Work instruction → All entries are to be quoted exactly; the images stay out of the copy.

Records for the task →
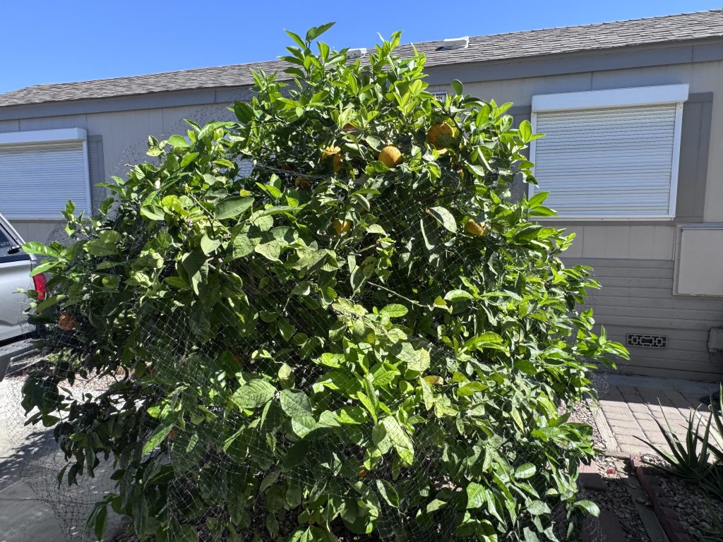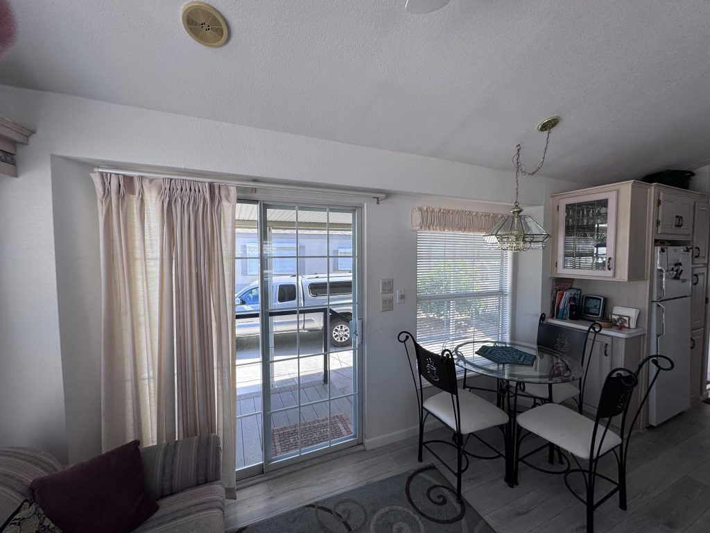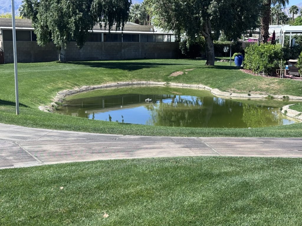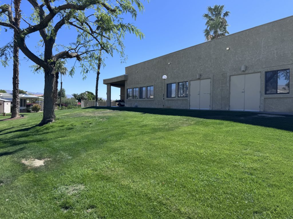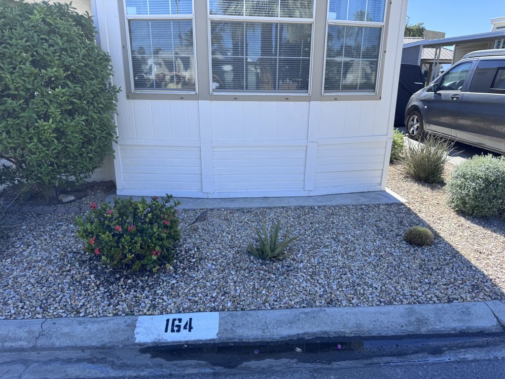 The large covered patio provides shade throughout the day and a separate patio with table, chairs and umbrella, that offers privacy with a nice hedge surrounding the perimeter and offers views of the mountains and one of the many ponds located through out the park. Both entry ways into the park model have been redone with composite deck material and a modern railing.
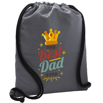 The Best DAD ever, Backpack pouch GYMBAG GREY, with pocket (40x48cm) & thick cords
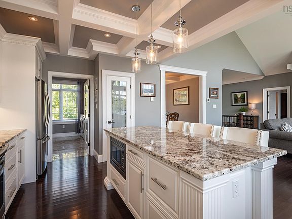 Your dream waterfront lifestyle awaits with this stunning home set on the shores of Fraser's Lake overlooking the 3000-acre Blue Mountain Wilderness area, ensuring a protected view for years to come. The paved drive winds past blooming flower gardens and lush lawns to the grand front porch that provides the perfect welcome to this exquisite residence. Step inside to discover 3,010 sqft of space illuminated by an abundance of natural light and accented by high-end finishes such as hardwood floors and crown moldings. The entry hall invites you to flow into the living room with its wall of windows, cozy fireplace and a sky-high ceiling that soars overhead. You can move seamlessly into the kitchen where the home chef is treated to a suite of quality appliances, stone countertops and a large island where friends can gather as you entertain in style. A formal dining room with a gorgeous tray ceiling is ready for those intimate gatherings or you can dine alfresco on the large deck or by the water. The primary suite is located on the main floor, complete with a walk-in closet, luxe ensuite and a fireplace for an inviting ambience. Three guest bedrooms are housed downstairs along with a full bath, office and a recreation room with a large bar that opens out to your patio. Here, a hot tub offers complete relaxation after a day spent out on the lake. A main-floor laundry and server's pantry, plus a half bath and an attached triple garage complete the layout of this palatial abode. A detached double garage/workshop is also set beautifully on the lot with so many possibilities. Your new lakeside hideaway is peaceful and private with a sprawling 2.3 acres of land and 172 feet of lakefront that is fully developed with a gorgeous deck and dock system, private boat launch, and a bunkie ready for the boating enthusiast. Best of all, this incredible property is located only 10 minutes from HRM, Exit 5 and the amenities of Bayer's Lake. 2021-08-13
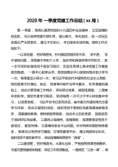 2020年一季度党建工作总结(xx局)第一季度,我局认真贯彻党的十九届四中全会精神,立足疫情防控实际,充分发挥党建引领作用,凝心聚力,争先创优,进一步压实全面从严治党责任,建立不忘初心、牢记使命长效机制。现将工作总结如下。一以学促建,把好思想关。针对基层党组织学不深、学不透、学不够的问题,采取集中学和个人学、组织学和网络学等不同形式,进一步引导和加强党员干部学习培训,切实在思想上解决党建工作难推进的瓶颈。一是中心组带头学。局党组理论中心组坚持每月至少学习一次、每季度至少研讨一次,将习近平新时代中国特色社会主义思想、党的政策方针理论、宪法、党章等内容作为学习重点,在学原著的基础上,结合分管领域工...
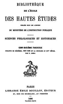 Having received the scholarship early in the year, he made his first study trips to Italy (April and June 1890), and subsequently left for a longer stay in France, enlisting at the École pratique des hautes études.[20] He was a contributor for the Encyclopédie française, personally recommended there by Slavist Louis Léger.[20] Reflecting back on this time, he stated: "I never had as much time at my disposal, as much freedom of spirit, as much joy of learning from those great figures of mankind ... than back then, in that summer of 1890".[30] While preparing for his second diploma, Iorga also pursued his interest in philology, learning English, German, and rudiments of other Germanic languages.[31] In 1892, he was in England and in Italy, researching historical sources for his French-language thesis on Philippe de Mézières, a Frenchman in the Crusade of 1365.[31] In tandem, he became a contributor to Revue Historique, a leading French academic journal.[31]
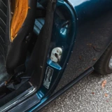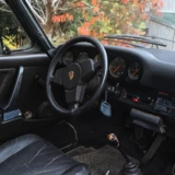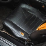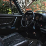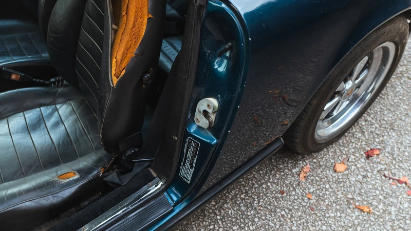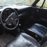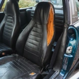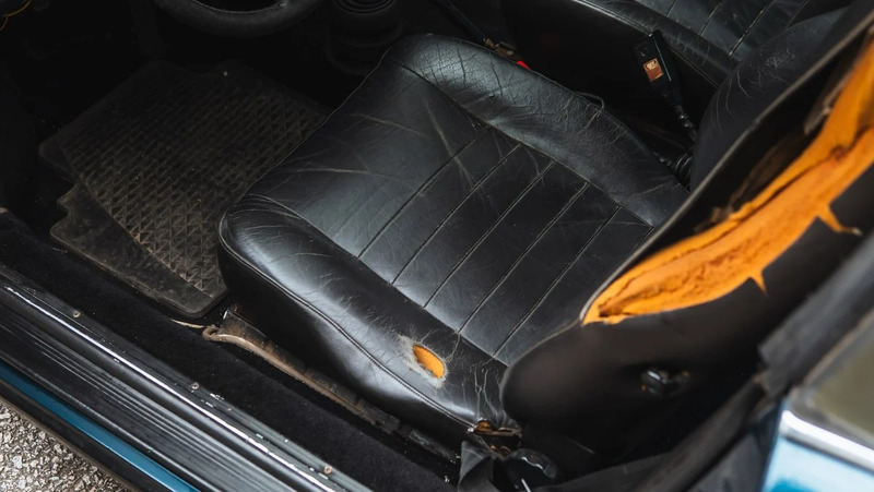 The interior features original black leather with age-related wear: damaged driver’s seat, cracked rear dashboard, and general patina throughout. The Targa roof was recovered in 2020. Most switches are reported to work, although the dashboard lights remain permanently illuminated. An air-conditioning system is present but currently removed.
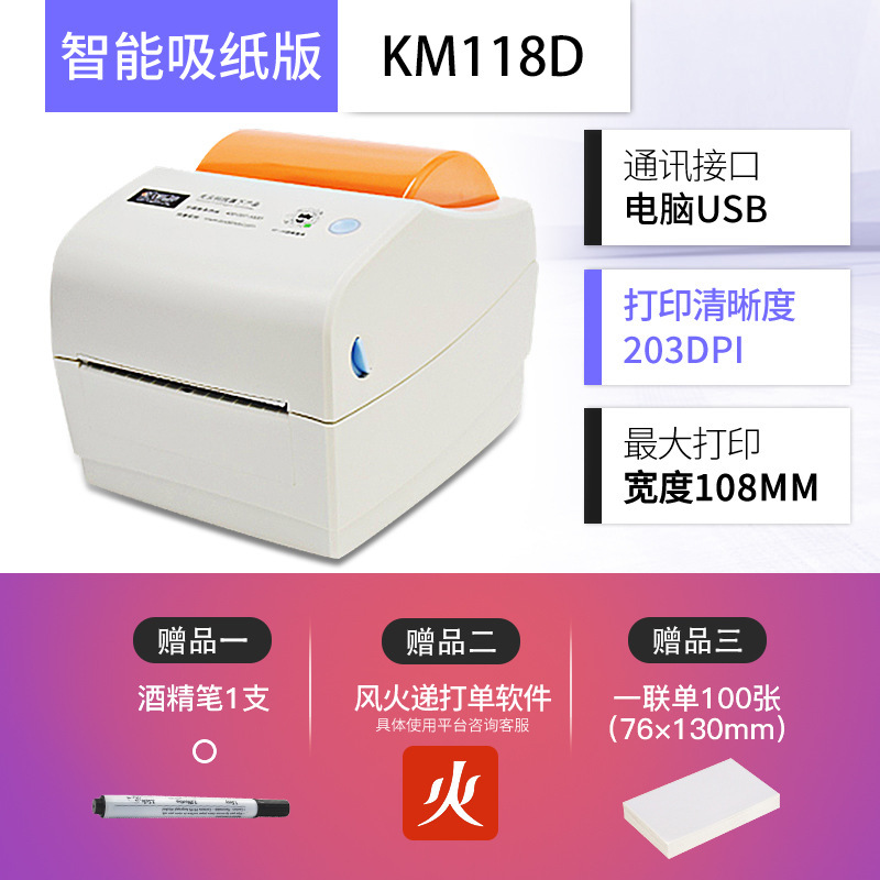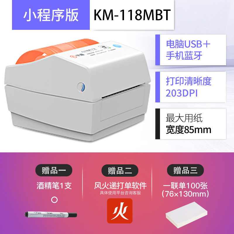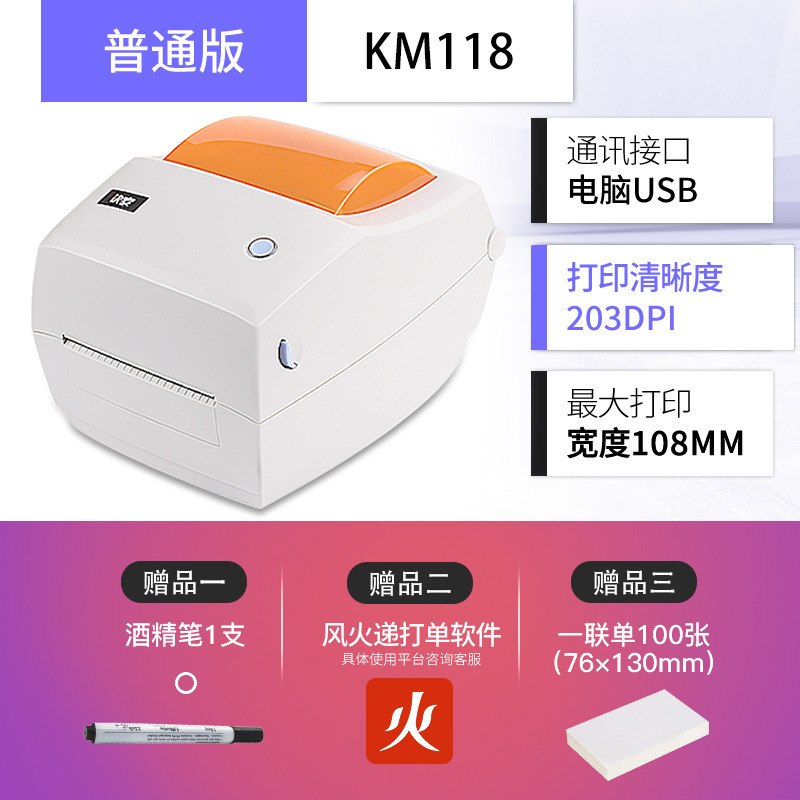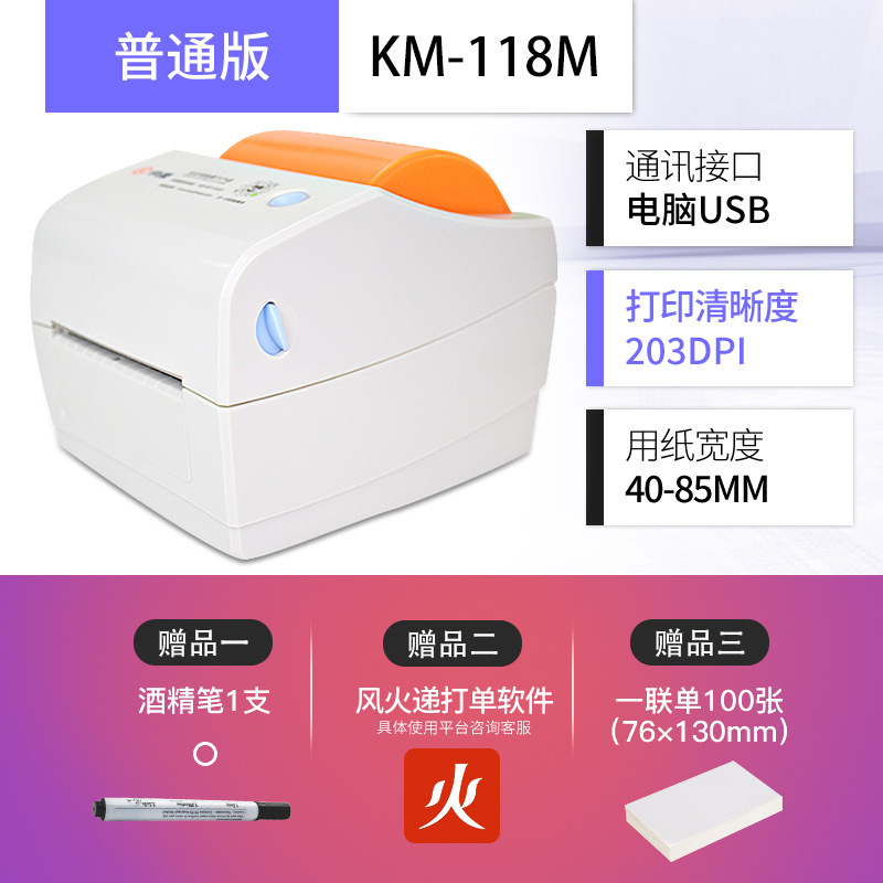 빠른 마이 KM118M 전자 얼굴 싱글 싱글 머신 Shentong Yuantong 익스프레스 이메일 열 접착 라벨 바코드 머신스토어 가기

Task answer →
 The large covered patio provides shade throughout the day and a separate patio with table, chairs and umbrella, that offers privacy with a nice hedge surrounding the perimeter and offers views of the mountains and one of the many ponds located through out the park. Both entry ways into the park model have been redone with composite deck material and a modern railing.
 The Best DAD ever, Backpack pouch GYMBAG GREY, with pocket (40x48cm) & thick cords
 Your dream waterfront lifestyle awaits with this stunning home set on the shores of Fraser's Lake overlooking the 3000-acre Blue Mountain Wilderness area, ensuring a protected view for years to come. The paved drive winds past blooming flower gardens and lush lawns to the grand front porch that provides the perfect welcome to this exquisite residence. Step inside to discover 3,010 sqft of space illuminated by an abundance of natural light and accented by high-end finishes such as hardwood floors and crown moldings. The entry hall invites you to flow into the living room with its wall of windows, cozy fireplace and a sky-high ceiling that soars overhead. You can move seamlessly into the kitchen where the home chef is treated to a suite of quality appliances, stone countertops and a large island where friends can gather as you entertain in style. A formal dining room with a gorgeous tray ceiling is ready for those intimate gatherings or you can dine alfresco on the large deck or by the water. The primary suite is located on the main floor, complete with a walk-in closet, luxe ensuite and a fireplace for an inviting ambience. Three guest bedrooms are housed downstairs along with a full bath, office and a recreation room with a large bar that opens out to your patio. Here, a hot tub offers complete relaxation after a day spent out on the lake. A main-floor laundry and server's pantry, plus a half bath and an attached triple garage complete the layout of this palatial abode. A detached double garage/workshop is also set beautifully on the lot with so many possibilities. Your new lakeside hideaway is peaceful and private with a sprawling 2.3 acres of land and 172 feet of lakefront that is fully developed with a gorgeous deck and dock system, private boat launch, and a bunkie ready for the boating enthusiast. Best of all, this incredible property is located only 10 minutes from HRM, Exit 5 and the amenities of Bayer's Lake. 2021-08-13
 2020年一季度党建工作总结(xx局)第一季度,我局认真贯彻党的十九届四中全会精神,立足疫情防控实际,充分发挥党建引领作用,凝心聚力,争先创优,进一步压实全面从严治党责任,建立不忘初心、牢记使命长效机制。现将工作总结如下。一以学促建,把好思想关。针对基层党组织学不深、学不透、学不够的问题,采取集中学和个人学、组织学和网络学等不同形式,进一步引导和加强党员干部学习培训,切实在思想上解决党建工作难推进的瓶颈。一是中心组带头学。局党组理论中心组坚持每月至少学习一次、每季度至少研讨一次,将习近平新时代中国特色社会主义思想、党的政策方针理论、宪法、党章等内容作为学习重点,在学原著的基础上,结合分管领域工...
 Having received the scholarship early in the year, he made his first study trips to Italy (April and June 1890), and subsequently left for a longer stay in France, enlisting at the École pratique des hautes études.[20] He was a contributor for the Encyclopédie française, personally recommended there by Slavist Louis Léger.[20] Reflecting back on this time, he stated: "I never had as much time at my disposal, as much freedom of spirit, as much joy of learning from those great figures of mankind ... than back then, in that summer of 1890".[30] While preparing for his second diploma, Iorga also pursued his interest in philology, learning English, German, and rudiments of other Germanic languages.[31] In 1892, he was in England and in Italy, researching historical sources for his French-language thesis on Philippe de Mézières, a Frenchman in the Crusade of 1365.[31] In tandem, he became a contributor to Revue Historique, a leading French academic journal.[31]
 The interior features original black leather with age-related wear: damaged driver’s seat, cracked rear dashboard, and general patina throughout. The Targa roof was recovered in 2020. Most switches are reported to work, although the dashboard lights remain permanently illuminated. An air-conditioning system is present but currently removed.
 빠른 마이 KM118M 전자 얼굴 싱글 싱글 머신 Shentong Yuantong 익스프레스 이메일 열 접착 라벨 바코드 머신스토어 가기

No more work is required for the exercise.